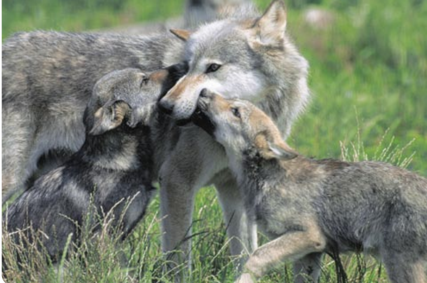
La louve et ses louveteaux: en Europe centrale, les meutes de loup sont petites. On parle de clans familiaux.
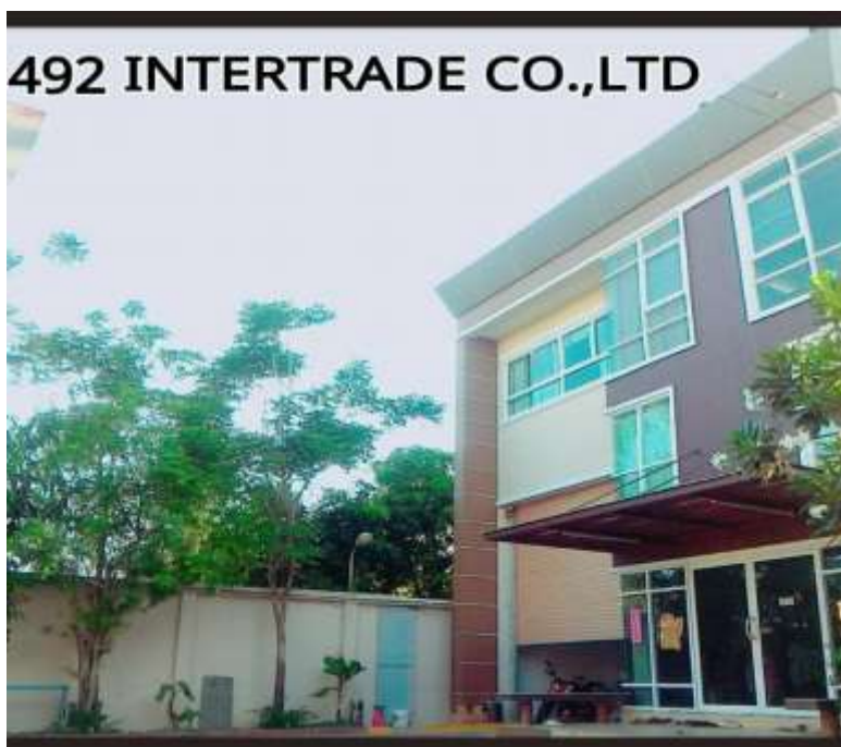
รูปที่ 3.3 บริษัทที่ปฏิบัติงานสหกิจศึกษา 492 Intertrade.,CO.LTD
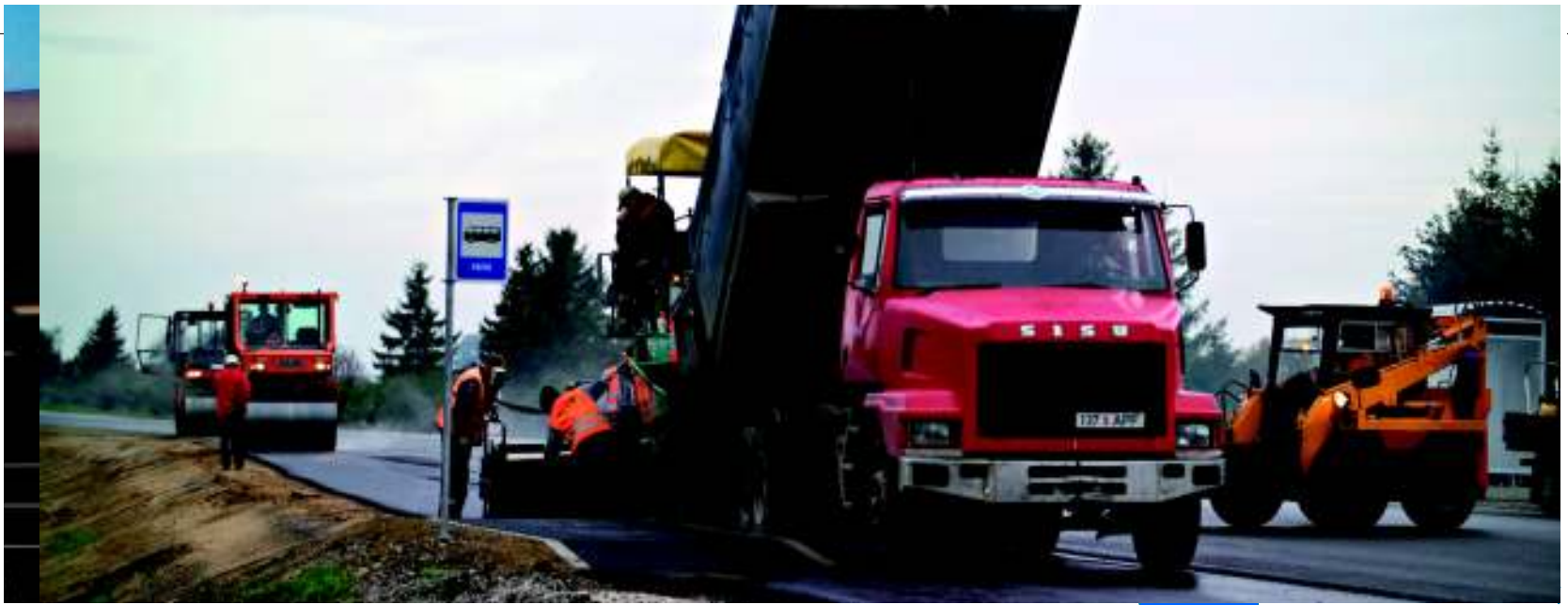
Noi căi rutiere în Estonia: șoseaua Via Baltica

■ Statele membre și regiunile care beneficiază de asemenea investiții realizează performanțe superioare în materie de creștere economică și ocuparea forței de muncă și sunt mai bine pregătite pentru a recupera mai rapid diferențele față de nivelul UE, decât dacă ar fi fost private de investițiile realizate grație politicii de coeziune.
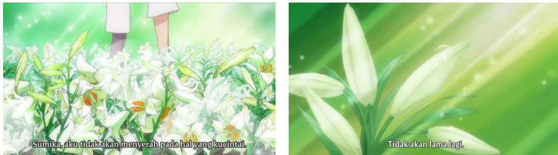
Gambar 4.7 dan 4.8 Shirayuri
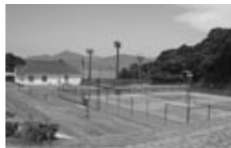
周防大島町長浦スポーツ海浜スクエア
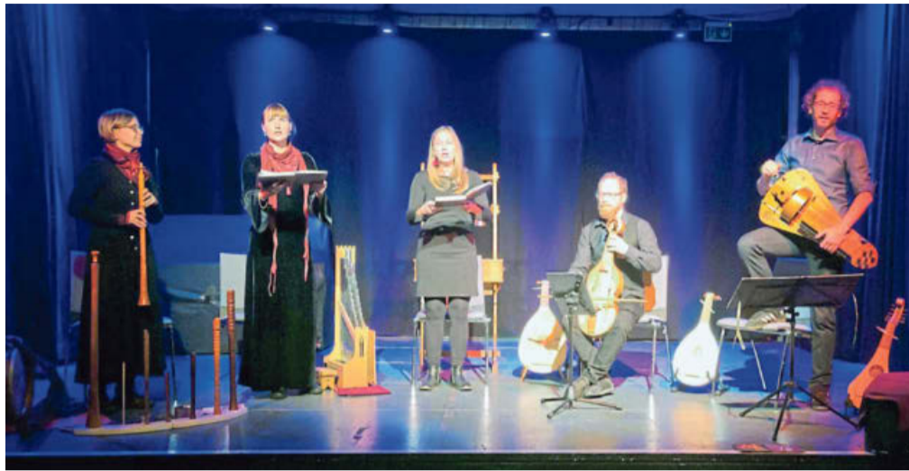
Das Ensemble Nimmersêlich gründete sich 1999. Weil eine Band ausfiel, konnten sie dem Publikum in Minden ein breites Repertoire bieten.
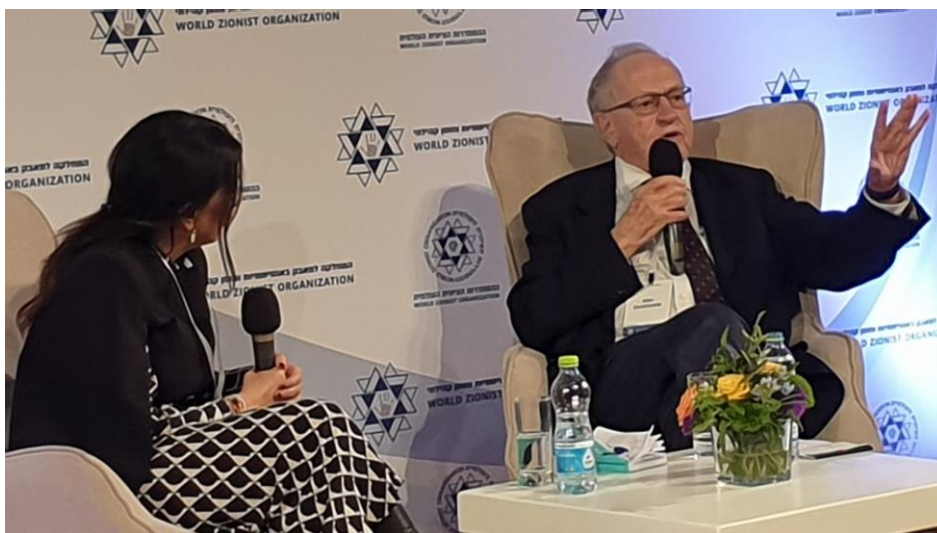
פרופסור אלן דרשוביץ
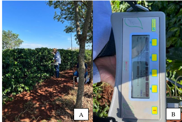
Figura 1 - Análise de parâmetros fisiológicos (A). Detalhe para o equipamento analisador de gás a infravermelho LC-Pro SD da ADC-Bioscientific LTD (B).
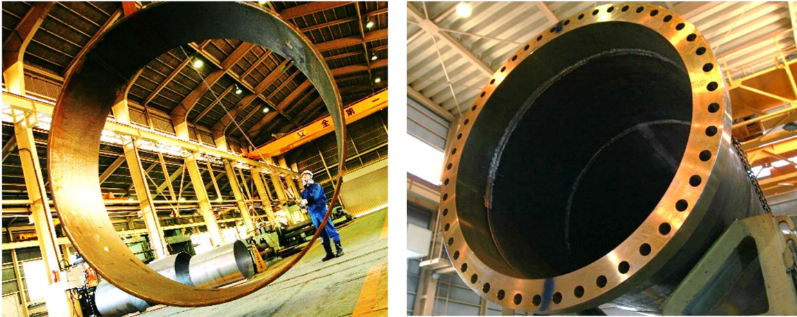
大型配管のイメージ
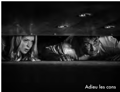
Adieu les cons
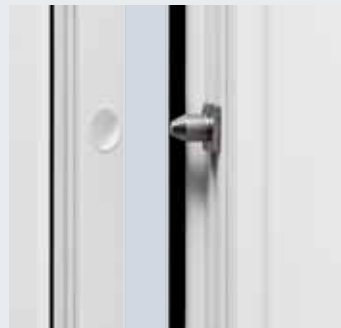
Perno di sicurezza
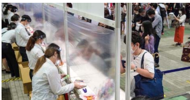
⑤ 受付に 飛沫防止シートを設置
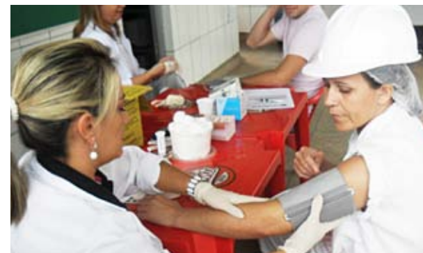
Profissionais do Sesi realizam diagnóstico de saúde dos colaboradores do frigorífico Marfrig, em Pirenópolis

Assessor de Comunicação Institucional do Sistema Fieg: Geraldo Neto Edição: Dehovan Lima Reportagens: Daniela Ribeiro, Edilaine Pazini e Valbene Bezerra Projeto Gráfico: Clarim Comunicação (clarimcomunicacao@gmail.com) Diagramação: Thatyane Mendonça Tiragem: 7 mil exemplares

++++

— Task directions —
Starting with the line that has "Das Ensemble Nimmersêlich" and ending with the line that has "פרופסור אלן דרשוביץ", repeat the lines above exactly, omitting every picture.

— Task response —
Das Ensemble Nimmersêlich gründete sich 1999. Weil eine Band ausfiel, konnten sie dem Publikum in Minden ein breites Repertoire bieten.
פרופסור אלן דרשוביץ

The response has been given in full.